At the global level, the defeat in Afghanistan is being projected as the retreat of American power and the end of American uni-polarity. The counter argument is that the US will rebound as it did after its defeat in Vietnam. Any realistic assessment must acknowledge that America remains the world’s most powerful country even though it now needs to contend with a multipolar world including China and Russia. Still, unlike after the Vietnam war, the US will not be able to play the ‘China card’ as it did against the Soviet Union since now China and Russia are strategic partners aligned against the US. But, instead of recognising the need for cooperating with China and Russia for a stable international order, successive American administrations since President Bush have pursued a zero-sum approach to maintain American global supremacy. Biden is committed to the same objective — to contain and confront both adversaries and promote a global ‘rules based order’. This is actually doublespeak for seeking continued American hegemony, motivated by sanctimonious arrogance.

It is this hubris that fundamentally contributed to America’s defeat in Afghanistan.
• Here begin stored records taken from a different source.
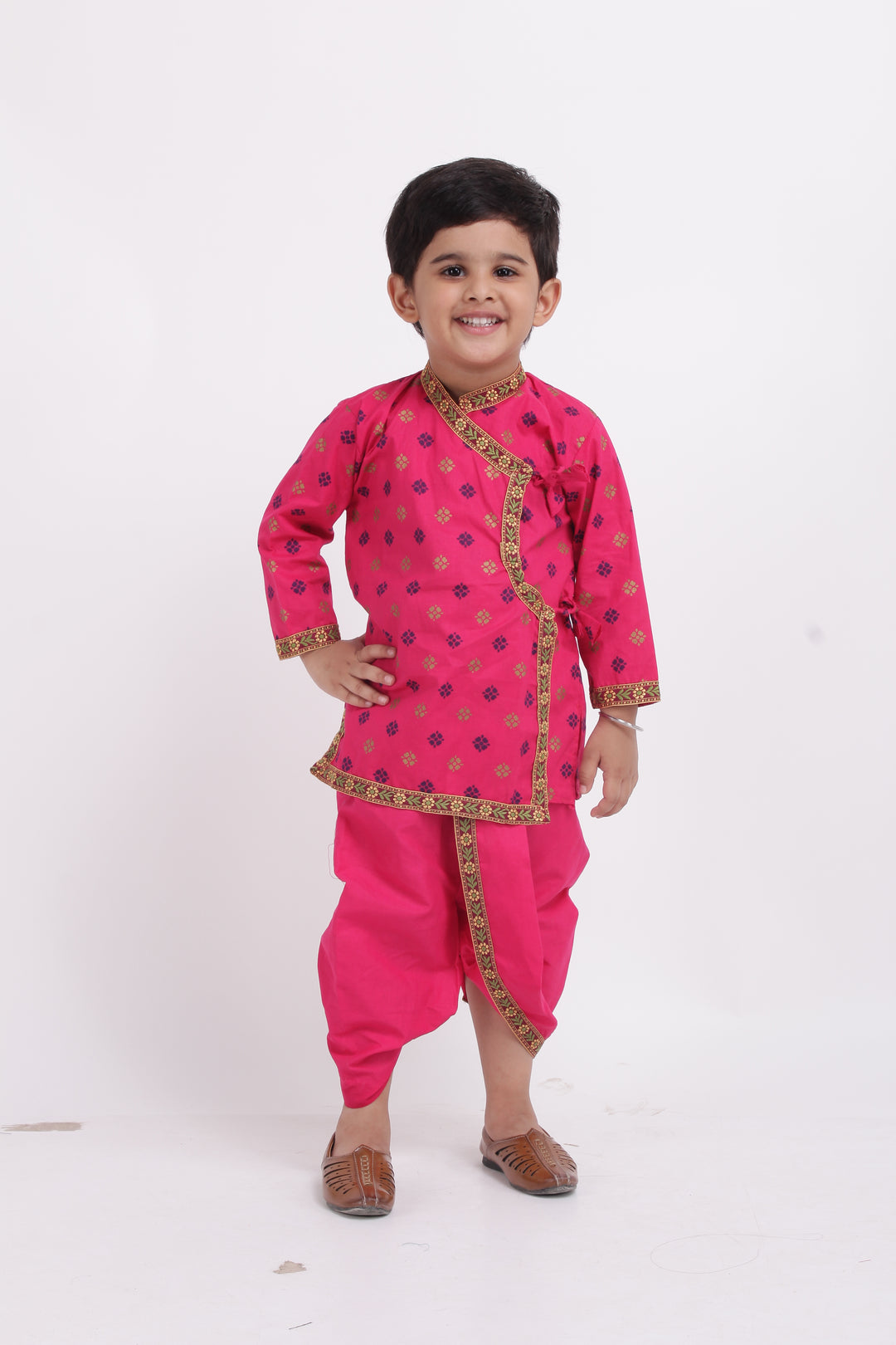 BownBee Cotton Kanhaiya Suit Dress For Baby Boy- Pink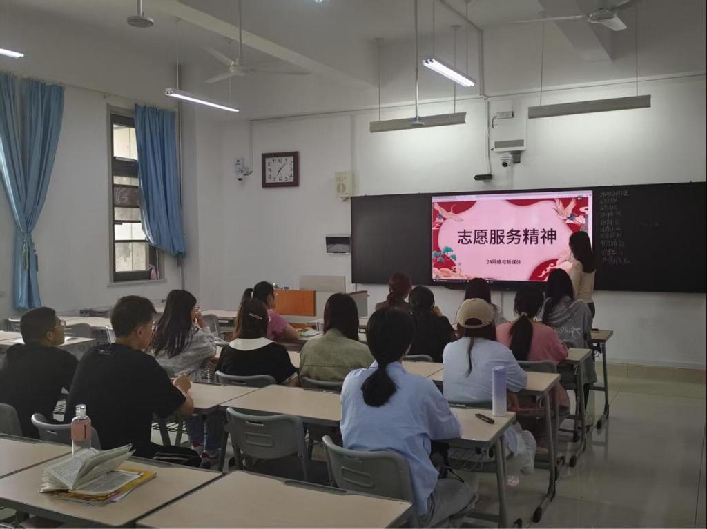 为深入学习贯彻习近平总书记重要讲话和给谢依特小学戍边支教西部计划志愿者服务队队员回信精神,引导青年学生厚植家国情怀、弘扬志愿服务精神,6月5日,文学院(传媒学院)组织2023级、2024级各班级开展“志愿服务精神”主题团日活动。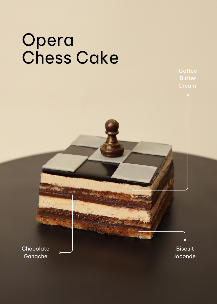 Opera Chess Cake thuộc 𝐂𝐡𝐞𝐬𝐬 𝐂𝐥𝐮𝐛 𝐒𝐞𝐭, với vị cà phê kết hợp cùng chocolate nồng nàn, Opera Chess Cake gây bất ngờ từ miếng cắn đầu tiên bởi sự đậm đà mà không ngọt gắt.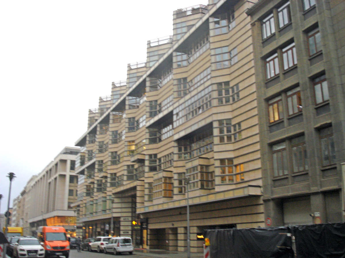 Не могу сказать, что мне очень хотелось увидеть место перехода из восточного Берлина в западный, но мужу почему-то это было важно. Мы вернулись на Фридрихштрассе и поняли, что не знаем в какую сторону идти теперь. Все еще шел дождь, изрядно похолодало, зима все-таки, настроение под стать погоде. Была мысль отказаться от поисков этого контрольно-пропускного пункта, наш добровольный гид уже опрашивал прохожих и выяснил-таки как добраться до КПП "Checkpoint Charlie". Некрасиво было бы не оценить его стараний и мы без особого энтузиазма побрели в указанном направлении, по пути запечатлев несколько зданий, из которых наиболее эффектно выглядело, помещенное ниже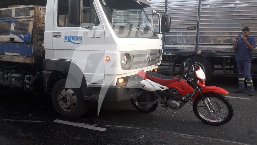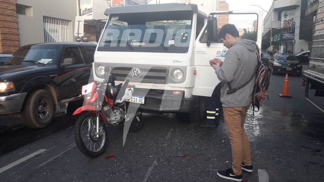 Un auto Ford Fiesta frenó de repente en el semáforo y una moto lo embistió de atrás. En tanto, un camión de Aguas Santafesinas no pudo frenar y colisionó con el motovehículo.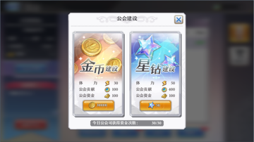 公会建设分为金币建设和星钻建设,选择星钻建设可以获得更多的体力和公会贡献。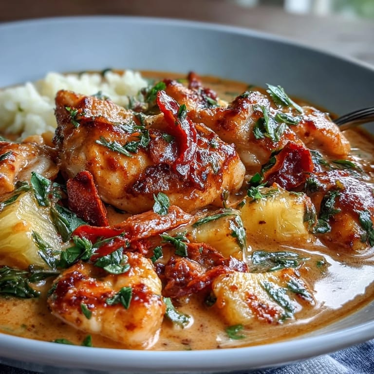 Guardar Descubrí este curry una noche lluviosa cuando mi vecina dejó un recipiente en mi puerta con una nota: «Prueba esto». El aroma que se escapaba era tan cautivador que no pude esperar a que se enfriara. Años después, mientras preparaba mi propia versión en la cocina, me di cuenta de que ese curry no era solo comida, sino una invitación a cocinar sin complicaciones. La combinación de coco cremoso con piña dulce y pollo tierno cambió la forma en que veo los curries de un solo recipiente.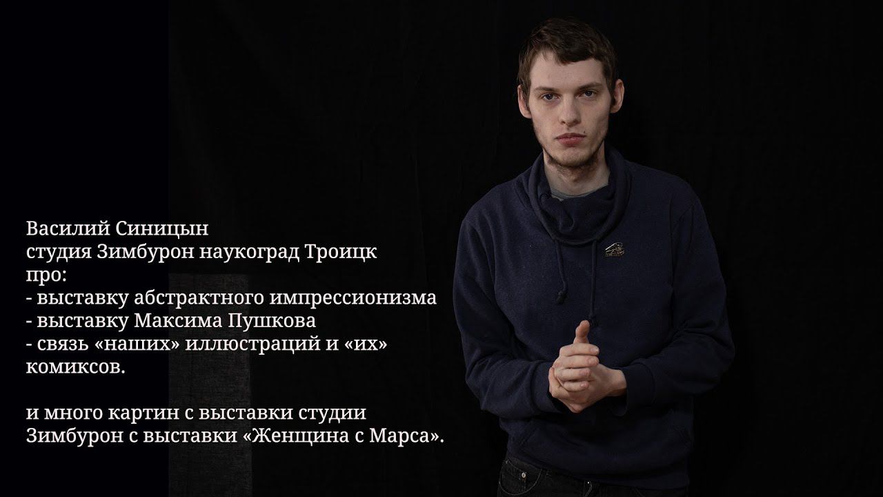 Василий Синицын о выставке абстрактного импрессионизма в Выставочном зале ТЦКТ, выставке Максима Пушкова в Троицком Доме Учёных, с обращением к директору Троицкой Детской Художественной школы Михаилу Семёнову и про связь иллюстраций и комиксов. Студия Зимбурон https://vk.com/zimburon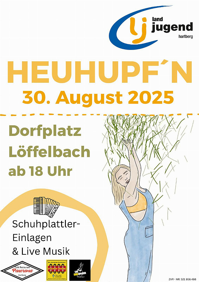 Am 30. August 2025 ist es für uns soweit: unser „Heuhupfn“ steht vor der Tür. Wir, die Landjugend Ortsgruppe Hartberg freuen uns auf Ihren Besuch!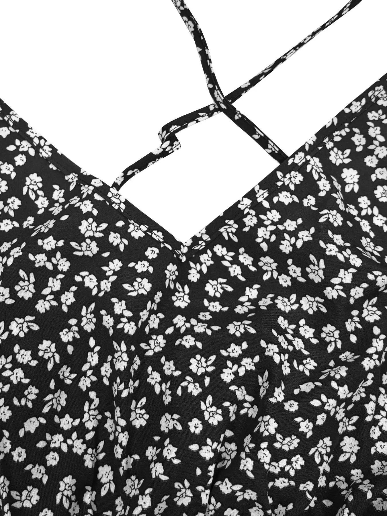Floral Plus Size V Neck Cami Maxi Dress for Beach Getaways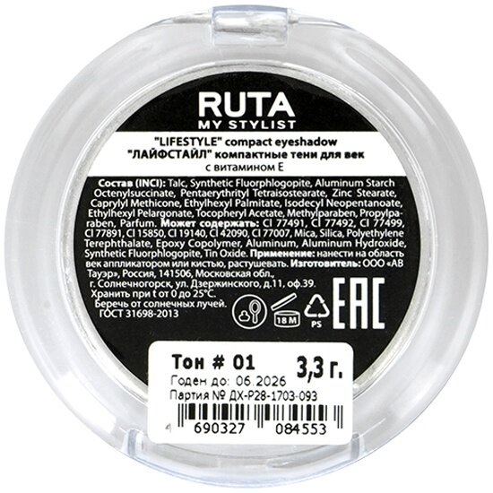 Купить RUTA Тени компактные "LIFESTYLE", 01* белоснежный блик

Now it threatens to unleash a global geopolitical confrontation with China and Russia, including in Afghanistan and the South Asian region. The vacuum created by America’s departure is bound to be filled by its rivals. The US can avert this outcome by cooperating with China and Russia. But, it is unlikely that the continuing arrogance of the Americans will allow them to learn from the bitter lessons of the past 20 years.

Published in The Express Tribune, September 25th, 2021.